What you are asked to do. Restate the data word for word. Leave the pictures out.

Provided data.
------------

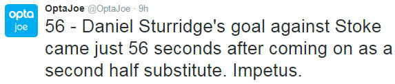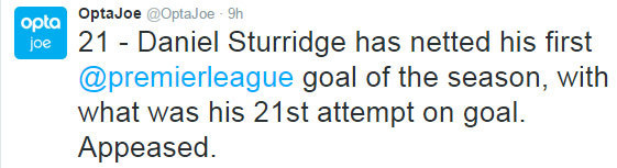 Gol tersebut adalah gol pertama Sturridge di Premier League musim ini. Dia sudah melalui perjalanan yang cukup panjang untuk mendapatkannya, yakni 21 tembakan dalam 11 pertandingan.
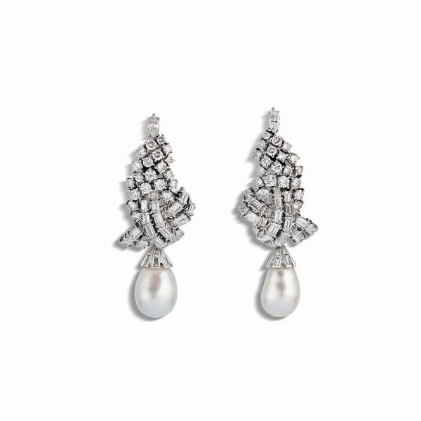 PAIO DI ORECCHINI PENDENTI CON PERLE E DIAMANTI
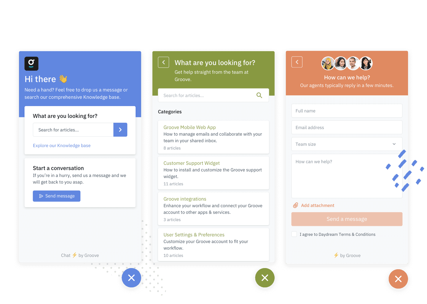 We built the new Groove Widget from the ground up, taking in all the great feedback from our customers (thank you!) over the last few years. The new widget has a clean modern look with fully customizable branding features (select your own colors and logo).

------------

Exercise result.
 Gol tersebut adalah gol pertama Sturridge di Premier League musim ini. Dia sudah melalui perjalanan yang cukup panjang untuk mendapatkannya, yakni 21 tembakan dalam 11 pertandingan.
 PAIO DI ORECCHINI PENDENTI CON PERLE E DIAMANTI
 We built the new Groove Widget from the ground up, taking in all the great feedback from our customers (thank you!) over the last few years. The new widget has a clean modern look with fully customizable branding features (select your own colors and logo).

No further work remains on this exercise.